The HCV market, estimated at greater than $10 billion annually in sales, provides a strong incentive for drug development – producing the multitude of agents in various stages of development for FDA approval. The competition of multiple sellers for buyers will drive down price and facilitate quality. An extreme example of this can be seen in countries practicing socialized medicine, which effectively have a single buyer, so there is greater leverage for price reduction.

Compulsory licensure, while based upon sound moral intentions, would stifle future innovation by removing profit incentive and creating an unstable economic atmosphere. It is informative to review the vaccine market, in which economic instability has led to fewer sellers, either from attrition or conglomeration. The ultimate consequence is decreased innovation, competition, and drug availability.

Corporations are not moral agents. Similarly so, government has no agency, but rather should be considered an instrument through which a moral citizenry can achieve agreed upon objectives. Aggressive education and collaboration amongst physicians and their patients, purchasing groups, and public lobbying agencies to collectively negotiate reasonable price reduction are encouraged – to realize the potential we have as buyers en masse.

Pharmaceutical profits may be conspicuous, but nevertheless, it is that very incentive of profit that brings such powerful drugs so quickly to the market in the first place. Patients can neither benefit from nor feel the loss of drugs that never make it to market. A morality of intention, absolved of comprehensive economic parameters, while psychologically enticing and proximally politically advantageous, would lead to greater long-term harm for the very patients we have vowed to protect.
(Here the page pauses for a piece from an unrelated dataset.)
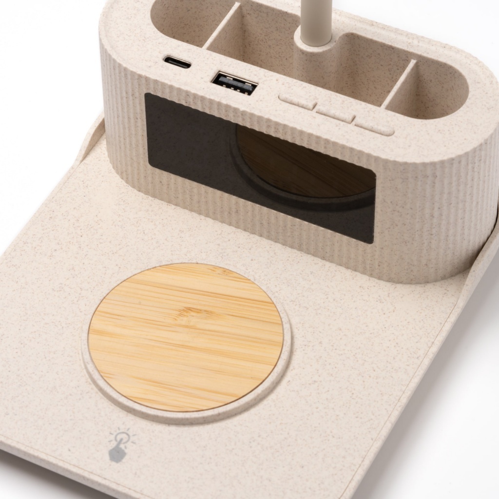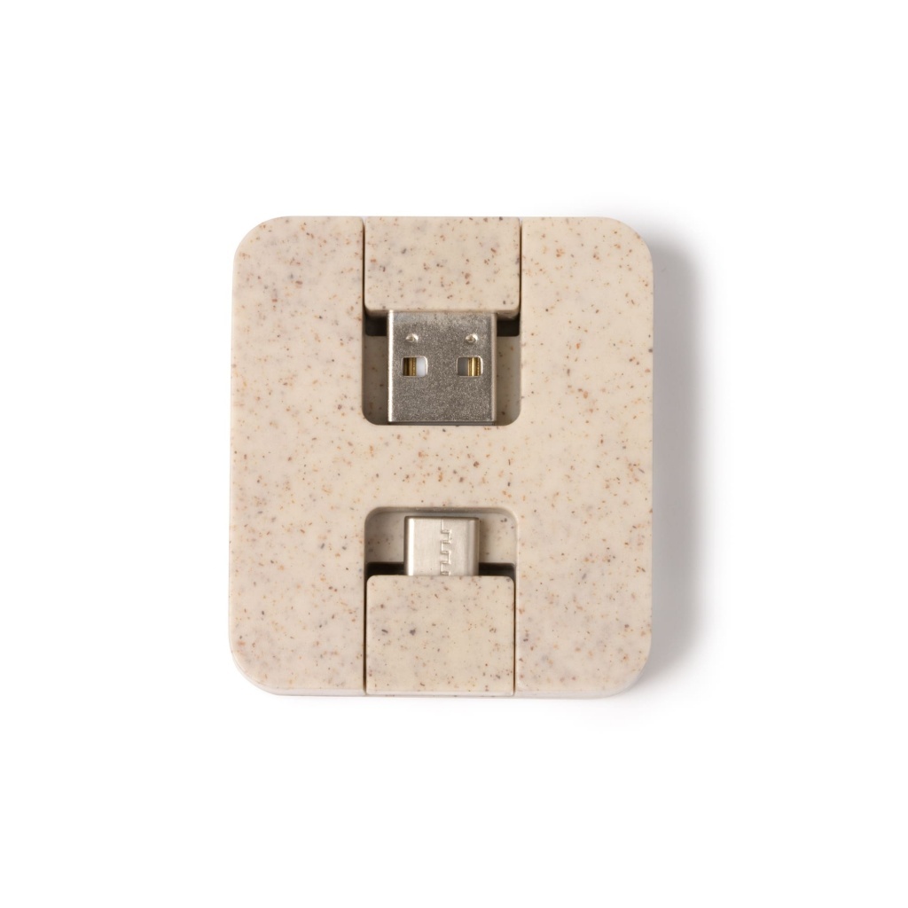 USB hub constructed from bamboo and wheat fiber. Input connectors: 2 x USB type C and 2 x USB. Foldable USB and USB type-C outputs.

We hope that price and cost issues will not prohibit large numbers of HCV-afflicted patients from receiving the current therapies and other highly efficacious regimens that will soon be forthcoming.

Dr. Christopher Moore is a fellow in transplant hepatology, and Dr. Steven Flamm is chief of transplantation hepatology and professor of medicine and surgery, at Northwestern University Feinberg School of Medicine, Chicago. Dr. Moore reported having no conflicts of interest. Dr. Flamm is a speaker for Vertex and Gilead; does research and consults for Abbvie, Vertex, and other companies; and does research for Boehringer Ingelheim.